Dichomeris simpliciella

Scientific classification
- Domain: Eukaryota
- Kingdom: Animalia
- Phylum: Arthropoda
- Class: Insecta
- Order: Lepidoptera
- Family: Gelechiidae
- Genus: Dichomeris
- Species: D. simpliciella
- Binomial name: Dichomeris simpliciella (Busck, 1904)
- Synonyms: Trichotaphe simpliciella Busck, 1904; Trichotaphe hemiclina Meyrick, 1929;

= Dichomeris simpliciella =

- Authority: (Busck, 1904)
- Synonyms: Trichotaphe simpliciella Busck, 1904, Trichotaphe hemiclina Meyrick, 1929

Species of moth

Dichomeris simpliciella is a moth in the family Gelechiidae. It was described by August Busck in 1904. It is found in North America, where it has been recorded from southern Alberta to Texas, eastern Washington, south-eastern Nevada and Arizona. It has also been recorded from northern Mexico.

The wingspan is about 18 mm. The forewings are divided in two nearly equal longitudinal parts, the costal part is light ocherous and the dorsal somewhat larger part dark fuscous.

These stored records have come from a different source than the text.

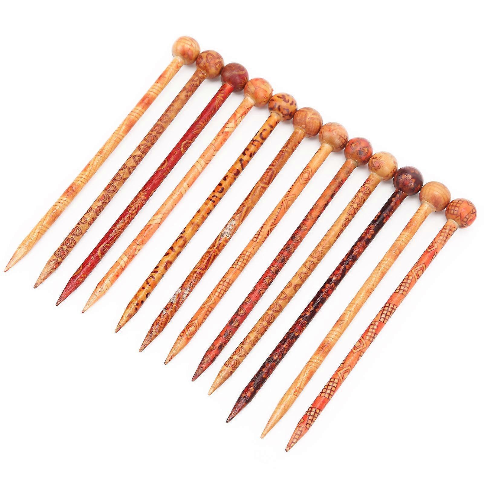 12 Pcs Hair Stick DIY Retro Printed Wooden Folk Style Elegant Temperamental Ladies Decorations
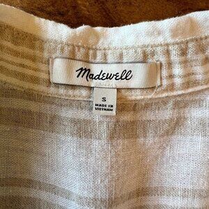 Madewell Tan & White Stripe Short Sleeve Button Front Shirt Linen Blend S
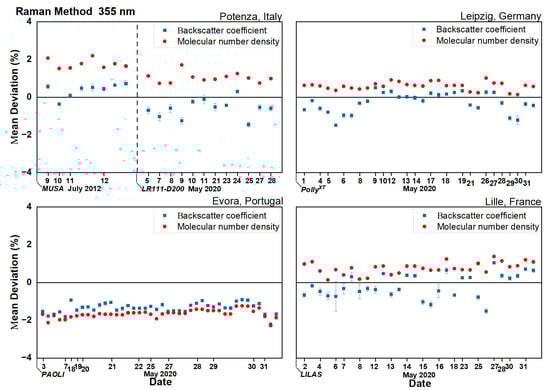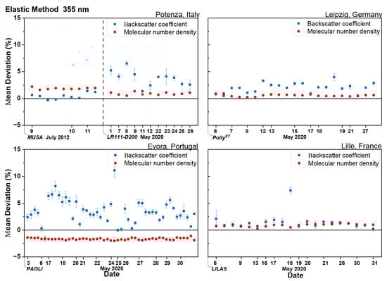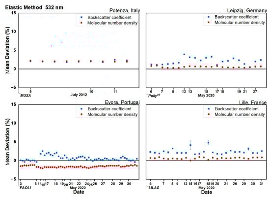 For the elastic backscatter coefficient at 532 nm, the mean relative deviation is within (see Figure 6). The maximum deviation of backscatter is 4.8%, corresponding to an observation made by the Lille station for which the deviation in the molecular number density is 0.2%.
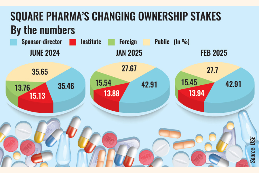 Sponsors of the largest drug manufacturer had already bought more than 66 million shares between June and December last year, taking their stakes to 42.91 per cent by the end of 2024 from 35.46 per cent in June last year. The value of those shares was more than Tk 14 billion, considering the average market price during the time.
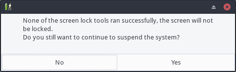 Created attachment 9598 Screenshot of window showing inablility to suspend With xfce4-power-manager 1.6.6 on Fedora 31 running xfce 4.14, I am experiencing sudden and random screen locking. On the other hand, the system would not suspend and fail with the message with the attached screenshot. I have attached output from "xfce4-power-manager --no-daemon --debug" to aid in troubleshooting this. Here are the versions of some related components - upower 0.99.11 xfce4-session 4.14.1 xfce4-screensaver 0.1.8

The dividing line is sharp and nearly straight from the base of the wing to the apex, but the fuscous part is slightly overlaid with ochreous in the apical third, except along the termen, where the dark colour is rather emphasized before the cilia. At the end of the cell is a very light ochreous round dot. Adults are on wing from April to June and again from August to November.